_Prompt_
Beginning with the line that holds "Sukienka damska wieczorowa, rozmiar" and finishing with the line that holds "EUW IRON IV", repeat the listing exactly, leaving every picture out.

_Working data_
------
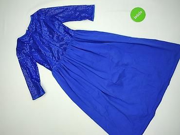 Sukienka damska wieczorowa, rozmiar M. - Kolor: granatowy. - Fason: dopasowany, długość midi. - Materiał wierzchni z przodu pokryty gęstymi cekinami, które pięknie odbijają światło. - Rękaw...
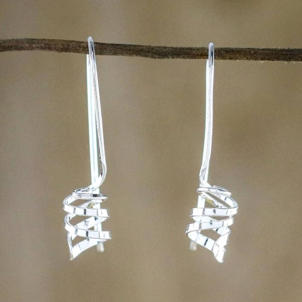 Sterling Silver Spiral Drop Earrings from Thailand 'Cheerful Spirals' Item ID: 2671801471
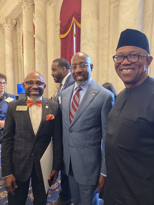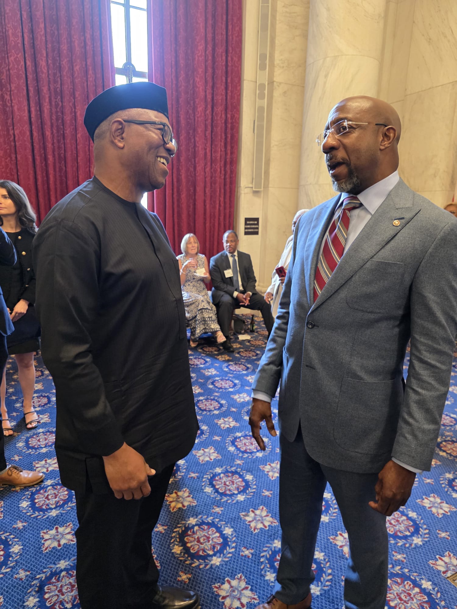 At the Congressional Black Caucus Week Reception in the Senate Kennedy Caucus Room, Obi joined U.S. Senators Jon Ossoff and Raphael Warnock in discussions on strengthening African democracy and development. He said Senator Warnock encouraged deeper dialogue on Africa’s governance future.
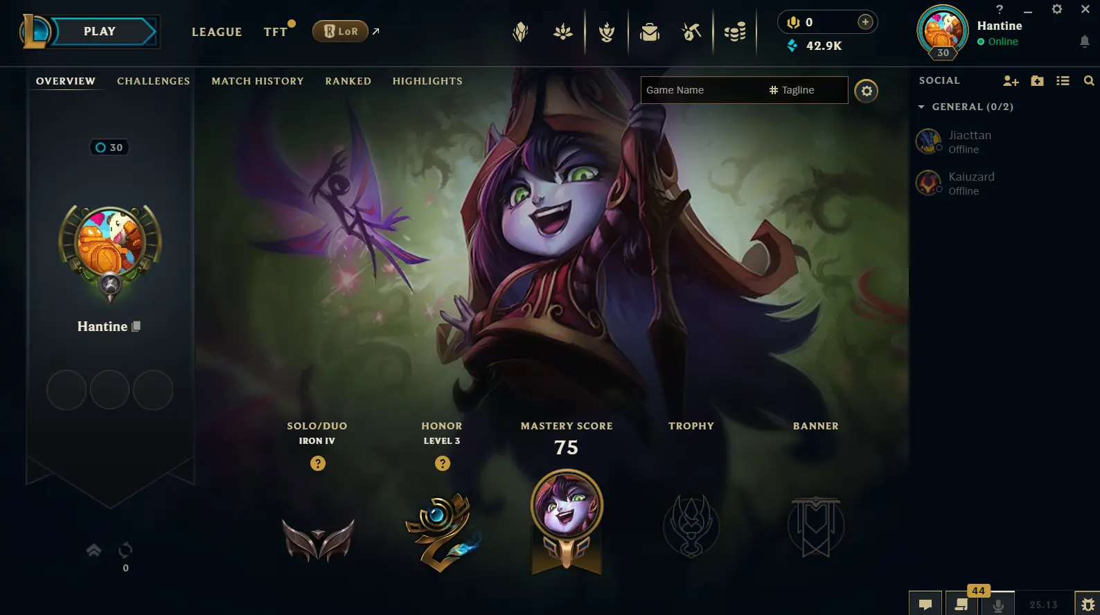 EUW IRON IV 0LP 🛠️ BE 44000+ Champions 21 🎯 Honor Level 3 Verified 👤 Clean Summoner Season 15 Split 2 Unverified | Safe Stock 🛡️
------
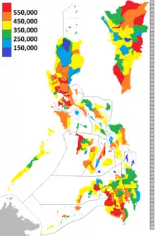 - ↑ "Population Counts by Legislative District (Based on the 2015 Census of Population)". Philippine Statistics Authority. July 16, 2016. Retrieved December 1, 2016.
------
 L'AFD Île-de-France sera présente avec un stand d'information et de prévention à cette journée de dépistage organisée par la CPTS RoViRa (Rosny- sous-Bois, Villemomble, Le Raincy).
------
_Result_
 Sukienka damska wieczorowa, rozmiar M. - Kolor: granatowy. - Fason: dopasowany, długość midi. - Materiał wierzchni z przodu pokryty gęstymi cekinami, które pięknie odbijają światło. - Rękaw...
 Sterling Silver Spiral Drop Earrings from Thailand 'Cheerful Spirals' Item ID: 2671801471
 At the Congressional Black Caucus Week Reception in the Senate Kennedy Caucus Room, Obi joined U.S. Senators Jon Ossoff and Raphael Warnock in discussions on strengthening African democracy and development. He said Senator Warnock encouraged deeper dialogue on Africa’s governance future.
 EUW IRON IV 0LP 🛠️ BE 44000+ Champions 21 🎯 Honor Level 3 Verified 👤 Clean Summoner Season 15 Split 2 Unverified | Safe Stock 🛡️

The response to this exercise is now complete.